He decided not to run in 2005 due to health concerns from his wife, facing chemo, and his own failing health and memory, he said.
Oh, it's my friend's magazine, I said, leafing thru the pages to find what poem I'd sent David Kime.
Ah, the Lucky Seven. He said that was the best poem I ever wrote. But, then, he said that about Enrico the Man, about a schizophrenic man I did an intake interview with over at the agency.
THE SOUP BOWL
Whose bowl is this?
Surely not mine with its
delicate traceries, as delicate
as the woman I got it from
a small gift on the occasion of
her confinement
forever
in a Lutheran nursing home
though she is Jewish
and has become a
reluctant octogenarian
I sip the fine Harrod’s tea
she gave me from a tin
though the taste has long gone
like the finer
workings of her mind
an early obituary causing
the shutting down of many corners,
a panic and hysteria that her home
on Bauman Drive
is missing her terribly
I took one succulent plant but
my windowsill is crowded with my
own nest and pine cones and feathers
Greeting my arrival in the Lutheran home
was a quick order from the attractive Gestapo
behind the desk
Sign in and wear a stick-on Visitor’s Badge
More Nazis on the second floor
she now calls home
Fake smiles,
bowing aides who accompany
me down the hall,
my steps watched lest I
inject The Demented with enough
morphine to kill them all off
these Busby Berkeley babes
with wild white hair
and frumpy housedresses
these once sexy bathing beauties
who made love with a passion
and now sit deadpan in a circle
eyes vacant as a dead dog’s eyes
We can’t let you die Helene
Writer, sculptor, woman with a camera
your photograph of my Sarah hangs in
my study, she was only fourteen, you
measured my children
on your kitchen wall, a swipe of a pencil
and - voila - they’re all grown
We shall keep you alive though the
grilled cheese is horrid
We shall keep you alive though your
lime-green Olds has been taken from you and
the husband you once loved is
failing in another building,
an untended bedsore on his heel
- who is watching whom? –
You’ve got your phone and your computer
and you’ve got me, too, eating peanuts
and raisins from that stunning bowl that
shall help mold me into a more delicate
and thoughtful woman
as I lick my fingers from my
late-night snack and feel the cool
porcelain of the bowl
a reminder of my own future
doom-filled days.
It seems you have been going to many funerals lately.
ReplyDeleteI hope they enjoy their trip to Kodiak - one of the very few Alaskan communities I have never been in, although I did fly my plane over it once.
Good poem - I wondered for a bit if it were about Elaine.
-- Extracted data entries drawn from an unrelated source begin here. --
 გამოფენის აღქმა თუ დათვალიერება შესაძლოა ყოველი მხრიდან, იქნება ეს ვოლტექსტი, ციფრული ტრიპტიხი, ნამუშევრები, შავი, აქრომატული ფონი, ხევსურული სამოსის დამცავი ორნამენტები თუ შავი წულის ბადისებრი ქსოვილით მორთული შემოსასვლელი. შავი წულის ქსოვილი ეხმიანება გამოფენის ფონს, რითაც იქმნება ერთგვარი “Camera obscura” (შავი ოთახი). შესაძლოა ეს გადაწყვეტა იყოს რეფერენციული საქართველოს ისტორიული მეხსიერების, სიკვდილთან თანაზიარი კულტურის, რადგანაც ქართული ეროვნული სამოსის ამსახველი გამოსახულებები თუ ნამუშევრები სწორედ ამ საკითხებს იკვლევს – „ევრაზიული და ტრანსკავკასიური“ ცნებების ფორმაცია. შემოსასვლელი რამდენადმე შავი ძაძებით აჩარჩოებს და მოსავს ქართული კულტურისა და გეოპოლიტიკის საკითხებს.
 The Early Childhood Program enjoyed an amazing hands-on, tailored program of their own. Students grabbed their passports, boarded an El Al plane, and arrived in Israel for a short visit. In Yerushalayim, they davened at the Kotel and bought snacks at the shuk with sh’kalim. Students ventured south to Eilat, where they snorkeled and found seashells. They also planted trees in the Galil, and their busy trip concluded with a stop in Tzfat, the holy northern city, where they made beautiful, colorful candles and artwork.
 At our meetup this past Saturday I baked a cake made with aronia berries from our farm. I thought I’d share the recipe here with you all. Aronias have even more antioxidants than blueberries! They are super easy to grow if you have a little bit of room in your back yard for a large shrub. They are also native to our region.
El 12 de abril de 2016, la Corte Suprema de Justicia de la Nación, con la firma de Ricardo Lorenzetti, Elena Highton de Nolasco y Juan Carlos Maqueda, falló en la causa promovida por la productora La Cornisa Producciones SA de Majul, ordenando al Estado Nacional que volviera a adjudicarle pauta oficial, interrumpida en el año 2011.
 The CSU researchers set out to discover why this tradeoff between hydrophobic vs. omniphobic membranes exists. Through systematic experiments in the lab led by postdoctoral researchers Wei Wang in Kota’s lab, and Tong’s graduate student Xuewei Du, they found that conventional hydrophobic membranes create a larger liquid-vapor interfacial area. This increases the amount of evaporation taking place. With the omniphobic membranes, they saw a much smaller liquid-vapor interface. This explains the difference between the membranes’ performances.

Even though it turned out to be about Helene, I still wonder a bit.
hey, bill, thanks for taking the time to read and comment. hopefully you'll finally get your plane back. today i read three of your blogposts but didn't comment b/c i was afraid of those new horrid letters that appear at the bottom. i'll take a gander at it now. loved that beautiful woman from india you're related to! and that gift she sent you.